··· Records for the task ···

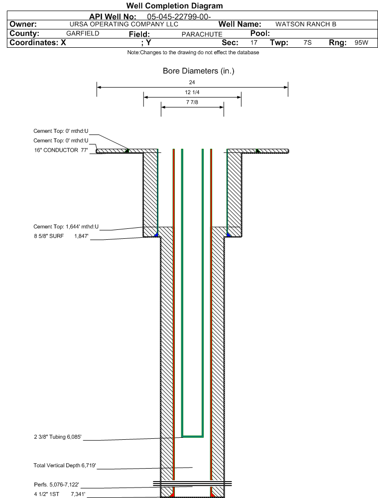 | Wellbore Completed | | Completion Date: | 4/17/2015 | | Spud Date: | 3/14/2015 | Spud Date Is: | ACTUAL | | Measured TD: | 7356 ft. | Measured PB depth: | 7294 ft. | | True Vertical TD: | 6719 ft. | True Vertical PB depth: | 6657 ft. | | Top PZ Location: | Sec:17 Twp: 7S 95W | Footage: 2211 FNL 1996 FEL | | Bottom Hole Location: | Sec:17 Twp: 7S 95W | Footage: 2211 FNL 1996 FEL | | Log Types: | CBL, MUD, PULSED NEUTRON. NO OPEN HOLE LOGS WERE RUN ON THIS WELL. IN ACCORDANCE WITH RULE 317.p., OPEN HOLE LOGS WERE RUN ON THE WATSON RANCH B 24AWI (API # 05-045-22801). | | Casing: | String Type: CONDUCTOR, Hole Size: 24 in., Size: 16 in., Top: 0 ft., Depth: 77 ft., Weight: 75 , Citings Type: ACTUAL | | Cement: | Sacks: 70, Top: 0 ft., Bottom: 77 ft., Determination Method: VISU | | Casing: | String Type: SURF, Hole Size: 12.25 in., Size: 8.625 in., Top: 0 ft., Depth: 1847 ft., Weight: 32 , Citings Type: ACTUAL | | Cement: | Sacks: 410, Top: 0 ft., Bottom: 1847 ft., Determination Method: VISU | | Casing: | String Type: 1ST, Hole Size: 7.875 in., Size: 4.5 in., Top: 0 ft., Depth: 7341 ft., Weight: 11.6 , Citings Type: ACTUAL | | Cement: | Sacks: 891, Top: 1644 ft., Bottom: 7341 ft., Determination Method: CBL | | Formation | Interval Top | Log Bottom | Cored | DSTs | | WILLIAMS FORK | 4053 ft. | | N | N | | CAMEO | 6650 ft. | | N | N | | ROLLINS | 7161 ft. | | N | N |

···
··· Records for the task ···

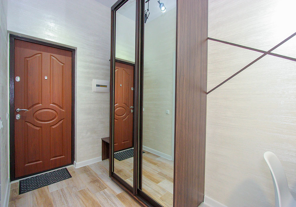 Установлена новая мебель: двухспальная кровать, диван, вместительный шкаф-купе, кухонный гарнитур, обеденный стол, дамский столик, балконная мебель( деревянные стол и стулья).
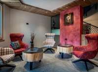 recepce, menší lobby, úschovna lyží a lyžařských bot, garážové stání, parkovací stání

···

**Task instructions:** Write out again exactly the lines above from the one with "Установлена новая мебель: двухспальная" through the one with "recepce, menší lobby, úschovna", adding no other lines and no pictures.

**Your response:**
 Установлена новая мебель: двухспальная кровать, диван, вместительный шкаф-купе, кухонный гарнитур, обеденный стол, дамский столик, балконная мебель( деревянные стол и стулья).
 recepce, menší lobby, úschovna lyží a lyžařských bot, garážové stání, parkovací stání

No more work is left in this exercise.